Paneetha Ameresekere

The benchmark 'spot' virtually held on to last year's close, finishing yesterday, the opening day of the year at Rs 153.60/65 to the US dollar in two way quotes on thin trades, market sources told this reporter.

On the previous market day, Friday, 29 December, 2017, it had closed at Rs 153.55/68 to the dollar in two way quotes. 'Similar to last year, we expect the 'spot' to weaken by three per cent due to the island's traditional import bent,' they said.Last year, the exchange rate weakened by 2.85 per cent, the sources said.

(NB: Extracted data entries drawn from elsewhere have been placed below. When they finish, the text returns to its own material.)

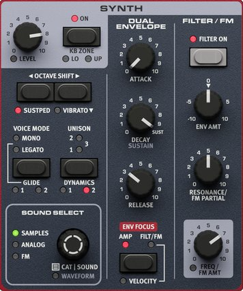 Nouvelle section synthé éditable avec lecture d'échantillons, formes d'ondes analogiques, et synthèse FM. Ce synthé bénéficie également d'un filtre passe bas avec résonance et d'une enveloppe de filtre et d'amplitude.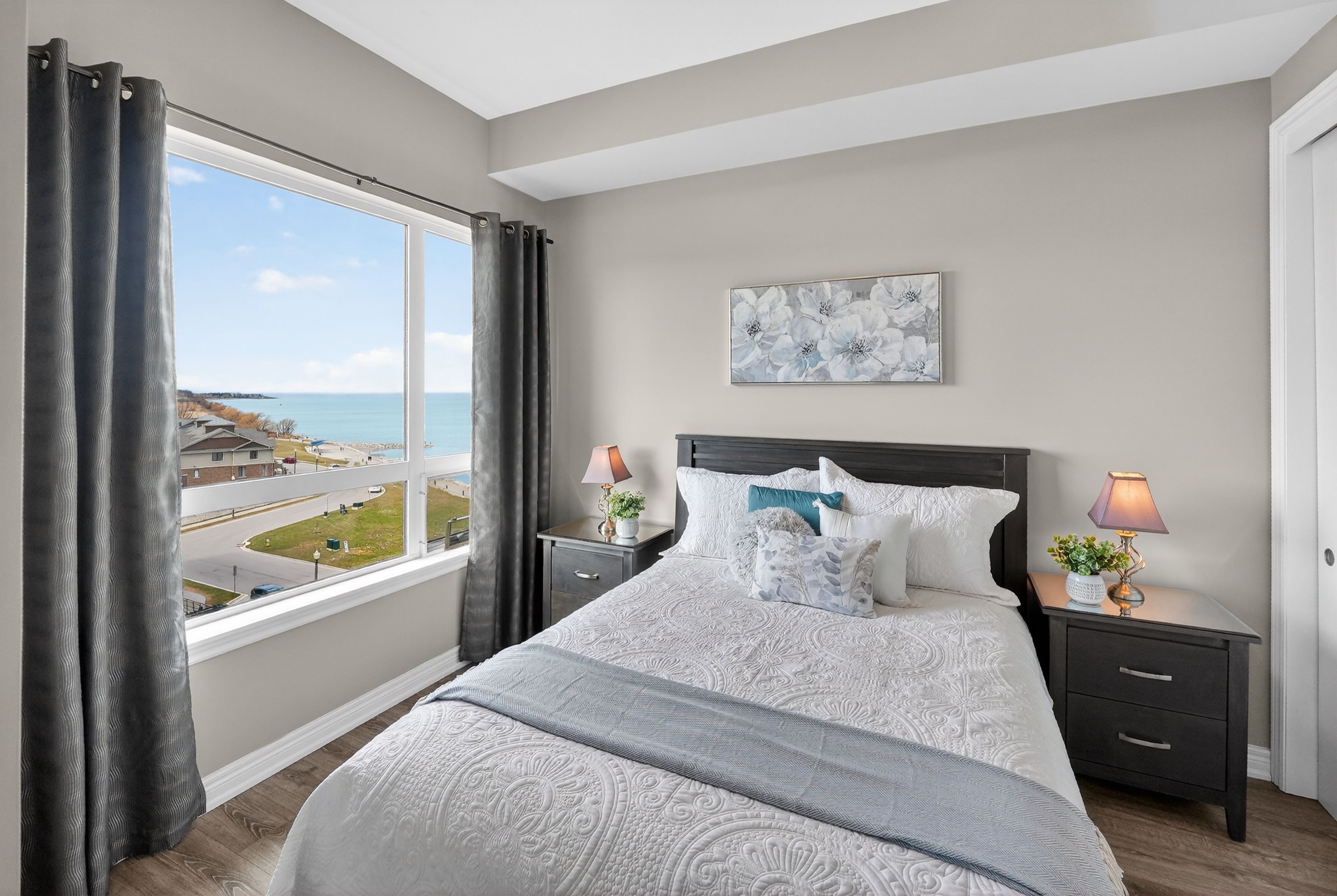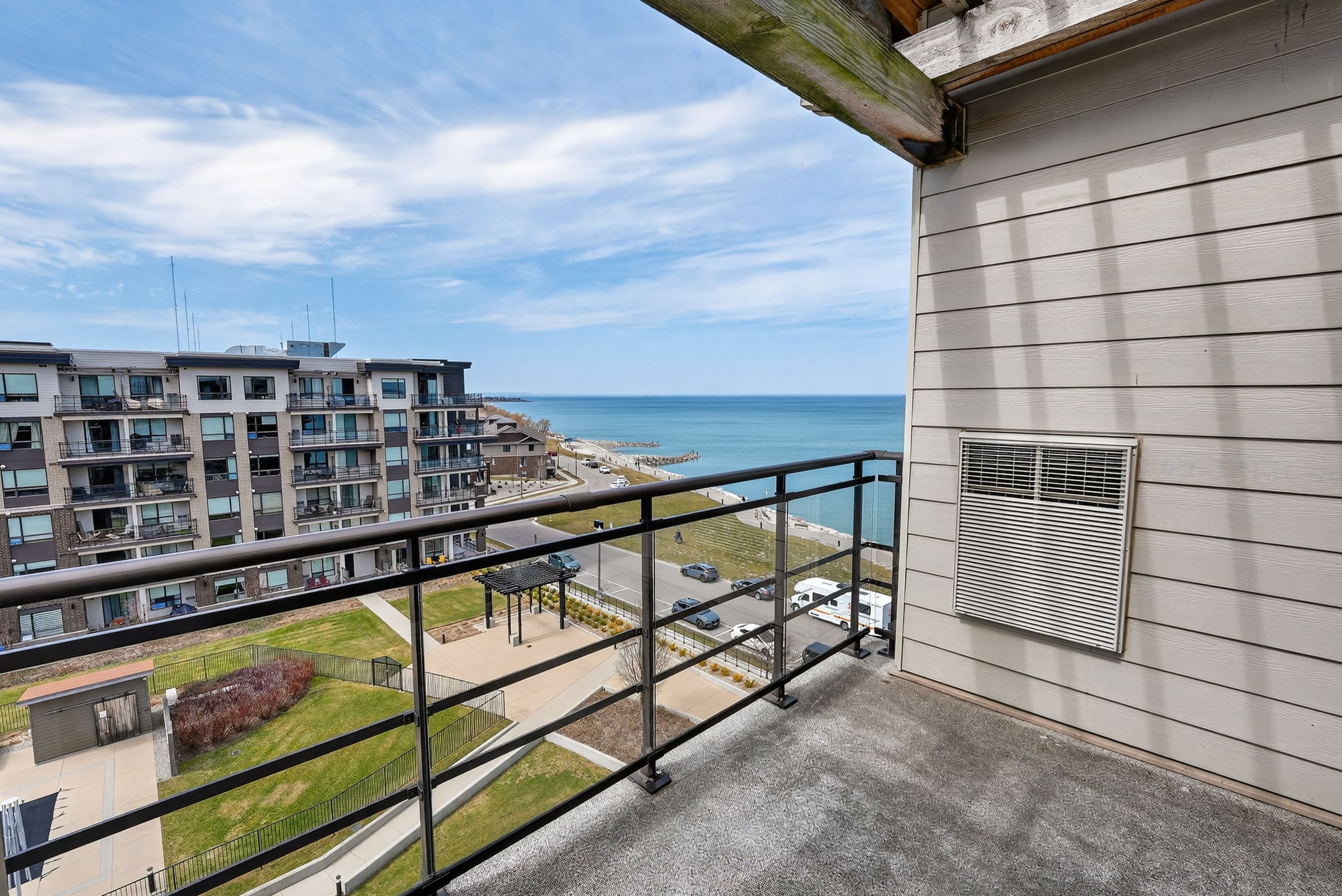 Elegant penthouse living ... Perched on the top floor, this stunning lakeside condo at 602-10 esplanade place captures the essence of effortless, carefree, waterfront living in the heart of grimsby. With 10' ceilings and an abundance of natural light, this thoughtfully designed 1-bedroom plus den layout offers both comfort & style complemented by a 65 sq ft private balcony showcasing breathtaking pool & lake views. The open-concept living space is finished with sleek vinyl flooring and anchored by a modern kitchen featuring built-in appliances, quartz countertops, tile backsplash, under-cabinet lighting, and potlights - creating a clean, contemporary feel ideal for everyday living or entertaining. The spacious primary bedroom is complete with double closets and lake views, while the versatile den offers flexibility for a home office or guest space. Convenience is key with in-suite stackable laundry, a well-appointed 4-pc bath, and ample storage solutions including locker (#198) and dedicated underground bike storage. Parking is a breeze with an underground space (#128). Beyond the unit, residents enjoy access to a full suite of amenities, including a fitness centre, dog wash, party room, pool, plus visitor parking - enhancing the lifestyle experience this building has to offer. Set just steps from the waterfront, scenic trails, grimsby public beach, and a vibrant mix of boutique shops & restaurants, this location balances relaxation with everyday convenience. With highway access just one minute away, commuting is seamless while still enjoying the charm of lakeside living. A rare opportunity to own a penthouse-level suite in one of grimsby's most desirable waterfront communities. Click on multimedia for virtual tour, floor plans, drone photos & more.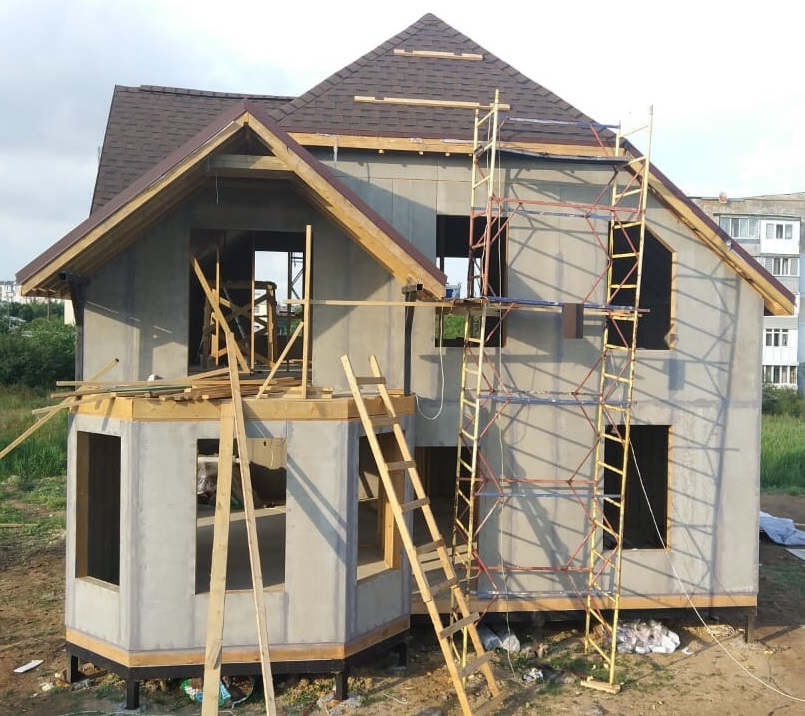 Кровля может быть построена из бруса 150х50мм или SIP панелей. В качестве кровельного материала можно использовать: металлочерепицу, битумную и керамическую черепицу. Также производим кровельные шовные сэндвич-панели.

'We expect next month's Local Government elections too to have an impact on the rupee, albeit marginally", sources said.

Meanwhile, a year ago on Monday, 2 January, 2017, the market exchange rate (MER) then, namely the 'spot next' weakened sharply by 30 cents to Rs 150.05 to the dollar, this newspaper's archives showed. The 'spot' at that time was bridled at Rs 150 to the dollar to minimize Government of Sri Lanka's rupee debt.

Year on year as at yesterday, the MER has weakened by between 2.37-2.40 per cent (Rs 3.55-3.60), thereby giving a pull to cost push inflation. Nonetheless, to mitigate demand pull inflation and to ensure that call money rates don't slacken, Central Bank of Sri Lanka on a net basis absorbed Rs 18,303.50 million worth of excess liquidity from the market through its open market operations yesterday, due to net excess liquidity (NEL) increasing by 133.54 per cent to Rs 22,712 million.

This assured that the weighted average rate of call money increased by one basis point to 8.16 per cent, yesterday, without falling.

The high tax regimen continued to rub on the stock market, with the Bourse making a parsimonious turnover of Rs 194.56 million at the opening day of trading for the year, yesterday, compared to a figure of Rs 329.20 million a year ago on 2 January, 2017.

However, the benchmark ASPI made a pyrrhic gain of 0.66 per cent to 6,411.27 points over its previous day's close and the more sensitive S&P SL 20 Index by 0.84 per cent to 3,702.63 points, yesterday. However, the year opened with the market enjoying a net foreign inflow (NFI) of Rs 102.81 million, led by blue chip JKH (Rs 70.76 million) at yesterday's trading. The Bourse last year enjoyed an NFI of Rs 19.21 billion.